In parallel, the spinoff of iPadOS from iOS has ― intentionally or not ― laid the groundwork for a quality smart display interface. The Apple Home app has grown to make better use of tablet-sized screens, and larger widgets were introduced with iPadOS 15, which is a big reason why iPads make for a logical starting point. It’s not hard to imagine modified versions of these widgets filling a smart display homescreen.
The spinoff of iPadOS from iOS has ― intentionally or not ― laid the groundwork for a quality smart display interface.
Sure, iPads do make functional smart displays on their own, but there’s room for a dedicated product in the Apple ecosystem for a few reasons. iPads aren’t built to sit in one place with continuous power, so they can’t provide ambient computing without extra work.
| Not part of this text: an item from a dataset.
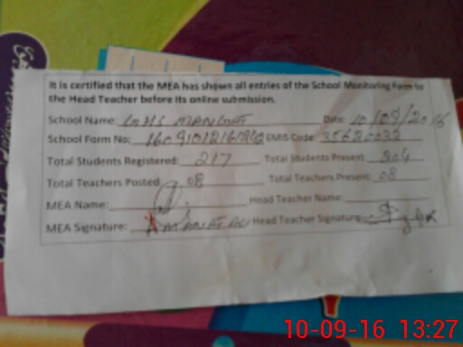 | Certified that this School was Inspected by the Undersigned MEA/DMO Today and the Information Stated Above is as Per Record. | |||||

Displays are also inherently cheaper than a do-it-all tablet, and even the speakers in an iPad Pro are inferior to what you get from something like a Nest Hub.
Lastly, Apple has a dedicated fanbase, which is probably interested in something that’s both better integrated with its ecosystem and takes an alternative approach to Amazon, Google, or Meta. Consider the rumored TV-connected HomePod ― in theory, you could use a combination of FaceTime and SharePlay to watch movies remotely with friends and loved ones. The Portal TV does have a similar option, but only for Facebook Watch, which isn’t a living room experience no matter how hard Meta wants to promote it as such. In contrast you can use Apple’s SharePlay with services like Apple TV Plus, Disney Plus, HBO Max, and even Apple Fitness Plus.
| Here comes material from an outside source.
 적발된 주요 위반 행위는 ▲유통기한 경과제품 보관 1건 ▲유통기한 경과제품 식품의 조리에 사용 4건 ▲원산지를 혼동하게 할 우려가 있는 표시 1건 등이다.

Would you be interested in buying an Apple smart display?
The Apple first-generation curse
Given its track record with new product categories, Apple’s first-gen smart display will probably do well enough, but take some time to find traction. The company’s missteps have included everything from too-narrow third-party support to unreasonably high prices, both of which are probably what sunk the original HomePod. At $349, it was a hard sell when you could get other high-quality smart speakers like the Sonos One for over $100 less.
Apple will probably take a generation or two to gauge its strengths and public demand, and react accordingly.
Apple will probably take a generation or two to gauge its strengths and public demand, and react accordingly. Perhaps the best demonstration of this is actually the Apple Watch, which was initially pushed hardest as a fashion accessory, to the point that you could get real gold models costing upwards of $10,000. The Series 2 pivoted towards health and fitness, which is what Apple still emphasizes today.
Who knows ― the company could knock it out of the park on the first swing. Regardless, I’m curious to see what Apple’s interpretation of a smart display looks like.